Directed by Stephen Gaghan (Syriana) and loosely based on the Bre-X mining scandal of the 1990s, Gold introduces Wells at rock bottom. He’s operating his prospecting business out of a bar in Reno while his steadfast girlfriend, Kay (Bryce Dallas Howard), works two jobs to keep them afloat. Ultimately a fever dream inspires Wells to team up with a wily geologist (Edgar Ramirez) and head to Borneo in search of a massive gold deposit. If getting the gold is hard, keeping it proves even harder.
McConaughey recognized Wells the first time he read the script. “He was an indomitable spirit and dreamer,” the actor tells EW. “I felt like I knew him from the inside out.”

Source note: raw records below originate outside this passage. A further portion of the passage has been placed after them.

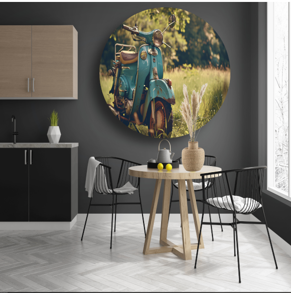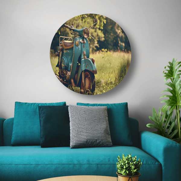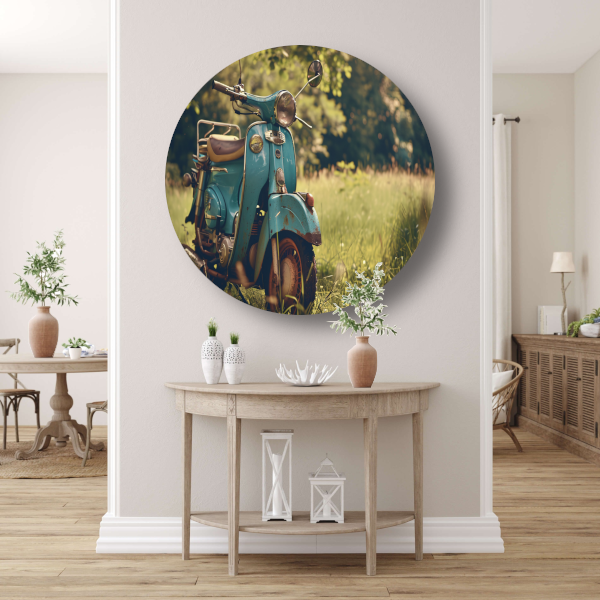 Minimalistische Scooter in Grasveld aluminium muurcirkel
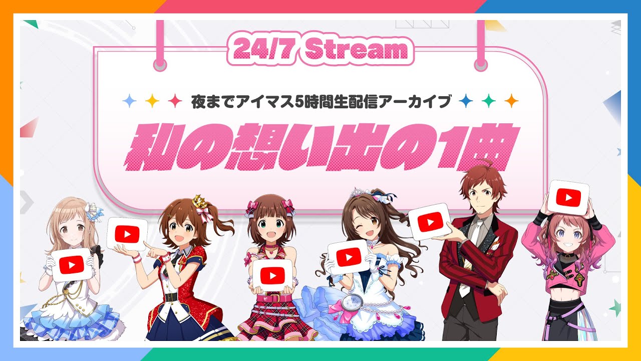 2025年7月26日に実施した、「夜までアイマス5時間生配信」内でご紹介した「私の想い出の1曲」をまとめて24/7Stream形式でお届けします!
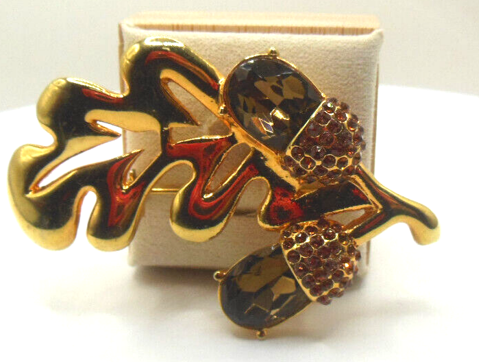 Vintage Designer Acorn Brooch Pave Rhinestone Brown Faceted Glass
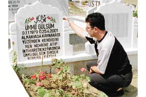 Fikrinaz ve Cemal Şimşek'in Almanya'ya gelin giden 15 aylık evli kızları Ümmü Gülsüm Tüzen (21), bir süre önce intihar etti. Genç kadın, Samsun Kıranköy Mezarlığı'na defnedildi. İntihardan kayınvalide Sehrat Tüzen'i sorumlu tutan Şimşek ailesi mezar taşına, "Almanya'da kaynanası yüzünden kendini Ren Nehri'ne atıp intihar eden Ümmü Gülsüm Şimşek" yazdırdı.
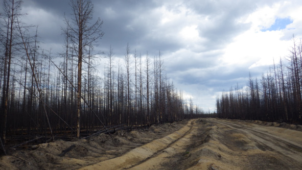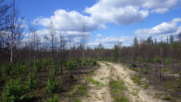 Вчера осваивал нижнюю 4 ветку, дорогу, идущую на посёлок Лендеры. Перешёл через реку Кожала по брёвнышку, а потом в небольшой заход, всего несколько выделов, но объёмные по площади, причём много устоявшего леса, шёл низовой пожар. Вот и отсекал в натуре для точности, район погибшего леса для назначения СОМ (в данном случае УЗ).
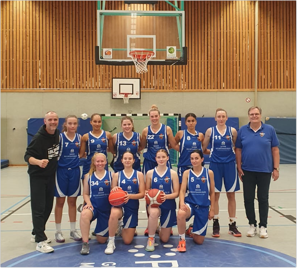 Unsere 1. Damen hatten in der 2. Regionalliga ein echtes Endspiel in Rostock. Vor 1000 (!) Zuschauern wurde in der Rostocker Stadthalle als Vorspiel zur BBL Bundesliga um den Titel und Aufstieg in die 1. Regionalliga Nord gefightet. Und es wurde ein wahrer Fight gegen hochmotivierte Rostock Seawolves, die von der unglaublichen Kulisse angefeuert wurden. Zur Halbzeit stand es 32:42 für SCALA. Im 3. Viertel kamen die Seawolves noch einmal auf 43:46 heran. Das SCALA Team, eine Mischung aus jung und etwas älter, behielt die Nerven und zog kontinuierlich davon. Am Ende stand ein unglaubliches 58:80 am Würfel der Hallendecke und der Aufstieg war perfekt. Die Coaches Jens Holtkötter und Daniel Brants wurden noch am Spielfeldrand „geduscht“ und der Rest war Feiern.
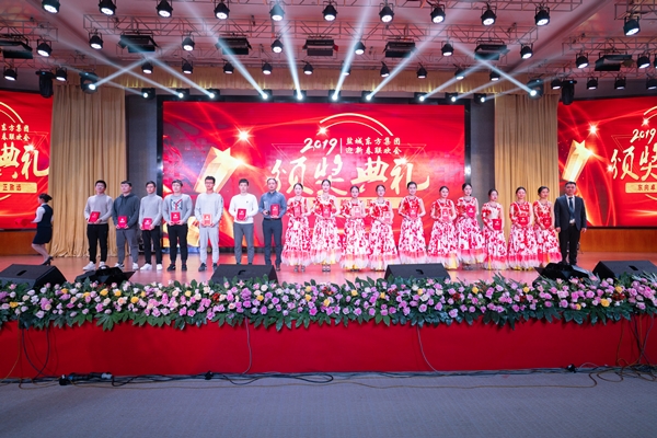 在晚會上,揭曉了2019迎新春聯(lián)歡會10個最受觀眾喜愛的節(jié)目,經過廣大職工的投票,最終最受觀眾喜愛的歌舞類節(jié)目開場舞《抖音串燒》、大合唱《走向復興》、獨唱《母親》、合唱《明天會更好》,最受觀眾喜愛的語言類節(jié)目《鹽城東方集團第二屆吐槽大會》《再別康橋》、最受觀眾喜愛的綜合類節(jié)目《軍體拳》,最具影響力的節(jié)目《新年快樂》,最具創(chuàng)作力的節(jié)目《資產管理唱大戲,群策群力譜新篇》,最具舞臺表現(xiàn)力的節(jié)目《希望》,集團領導分別為獲獎節(jié)目頒獎。

Growing up as the son of an oil pipe salesman in eastern Texas, McConaughey met his fair share of hustlers smooth talkers. And he saw a glint of Wells in his own late father — a man who “loved a bad deal,” especially if it made for a good story.
One Christmas Eve, McConaughey recalls, he rode shotgun as a teenager while his old man made a furtive transaction with a merchant named Chicago John, who sold his wares from the back of a white van.

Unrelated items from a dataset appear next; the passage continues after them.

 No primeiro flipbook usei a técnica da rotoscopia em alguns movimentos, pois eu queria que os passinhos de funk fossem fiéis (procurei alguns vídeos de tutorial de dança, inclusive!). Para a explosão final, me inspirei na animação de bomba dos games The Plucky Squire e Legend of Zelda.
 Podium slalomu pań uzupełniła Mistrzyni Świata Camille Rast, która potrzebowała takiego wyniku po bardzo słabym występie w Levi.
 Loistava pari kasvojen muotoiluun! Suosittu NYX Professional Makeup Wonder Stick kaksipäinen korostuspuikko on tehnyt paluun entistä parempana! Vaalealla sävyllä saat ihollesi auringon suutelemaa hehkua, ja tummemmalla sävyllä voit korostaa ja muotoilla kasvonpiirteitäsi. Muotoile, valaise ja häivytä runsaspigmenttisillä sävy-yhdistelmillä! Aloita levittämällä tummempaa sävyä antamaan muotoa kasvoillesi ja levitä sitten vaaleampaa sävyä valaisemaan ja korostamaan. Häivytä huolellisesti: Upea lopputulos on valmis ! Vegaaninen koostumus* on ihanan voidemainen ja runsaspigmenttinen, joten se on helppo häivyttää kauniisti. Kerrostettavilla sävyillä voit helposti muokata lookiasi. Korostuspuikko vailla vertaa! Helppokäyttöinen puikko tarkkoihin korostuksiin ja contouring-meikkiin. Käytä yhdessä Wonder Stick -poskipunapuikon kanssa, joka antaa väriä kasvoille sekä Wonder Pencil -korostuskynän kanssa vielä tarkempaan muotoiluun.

The moment is etched into McConaughey’s memory, his father’s shoulders shooting up as he laid eyes on the goods: a titanium Rolex supposedly worth $22,000, and thus a steal at $3,000. He counted out a stack of bills, the deal was done, and they sped off down the highway.
“Now, that watch wasn’t worth 22 grand — but that’s the kind of stuff my dad loved to do,” McConaughey says with a laugh. (His brother still has the watch.) “That’s the hustler. That’s the make-it-happen motherf‑‑‑er.”
And that’s Wells.
“A lot of times,” says McConaughey, “an impression of someone — like that impression of my father, an impression like that I can take to a character — reveals all the specifics more than the real truth.”

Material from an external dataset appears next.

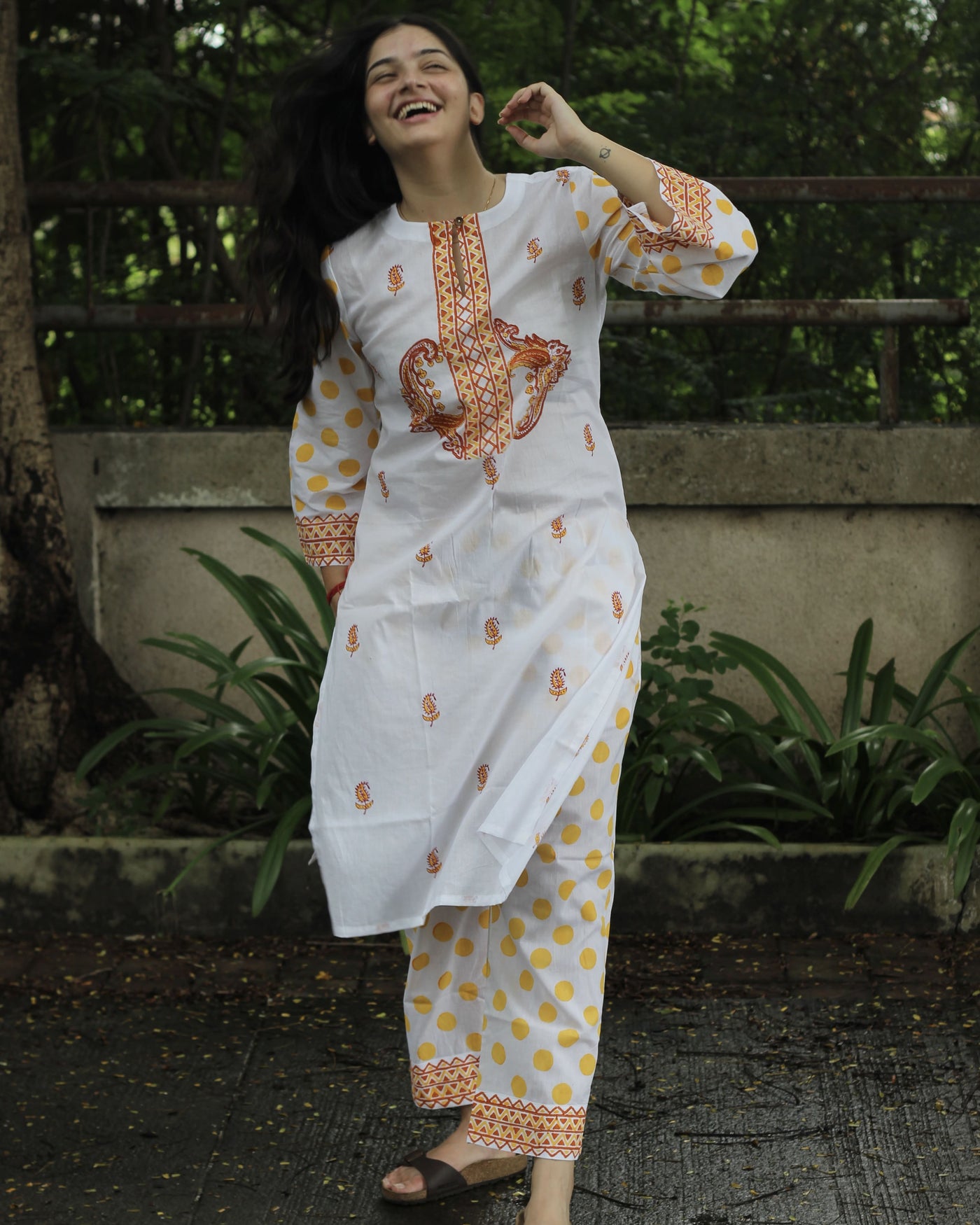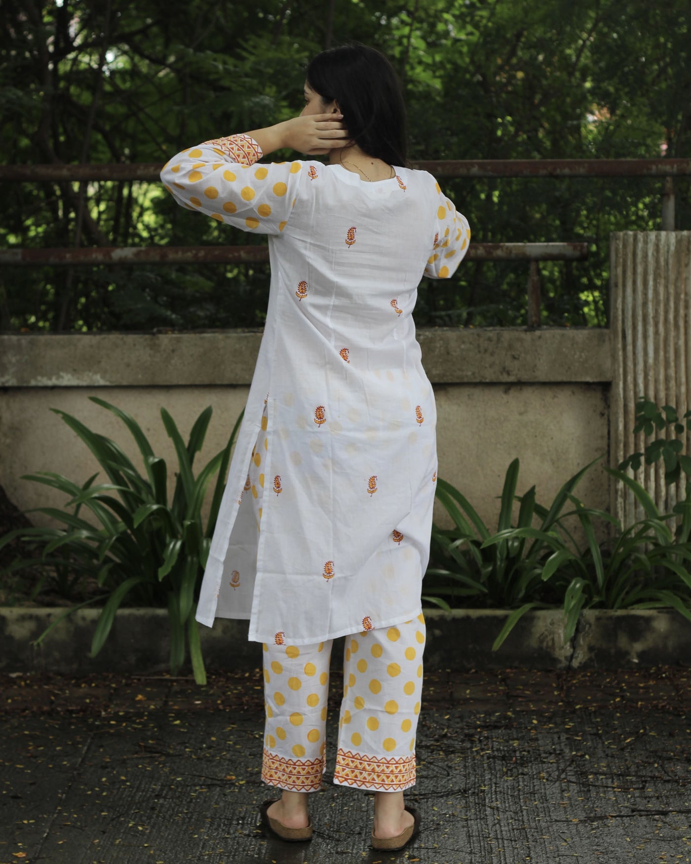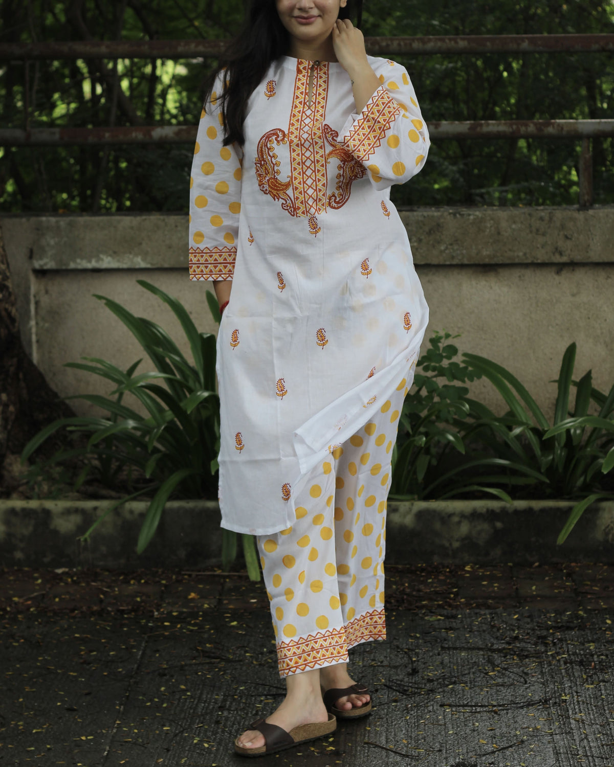 Print: Unique scattered print on top , Polka print on bottom & sleeves

McConaughey also transformed himself physically for the role, gaining 40-plus pounds, sporting a shiny bald forehead, and carrying himself like a different man.
In Gaghan’s words, “He’s like a tight end, just big and surprisingly nimble. … The way he sits is different, the way he stands up is different, the way he drinks and smokes, rolls out of bed.”
As for Gaghan, he had his own inspirations for the film, which was penned by Patrick Massett and John Zinman. It has “a throwback vibe” that reminded him of John Huston’s 1948 classic The Treasure of The Sierra Madre, and a sweep that goes from Reno to Borneo to Wall Street.
“It’s a type of huge Hollywood entertainment that I don’t think studios are making much of anymore,” he says.
Some good things, it seems, will only stay buried for so long.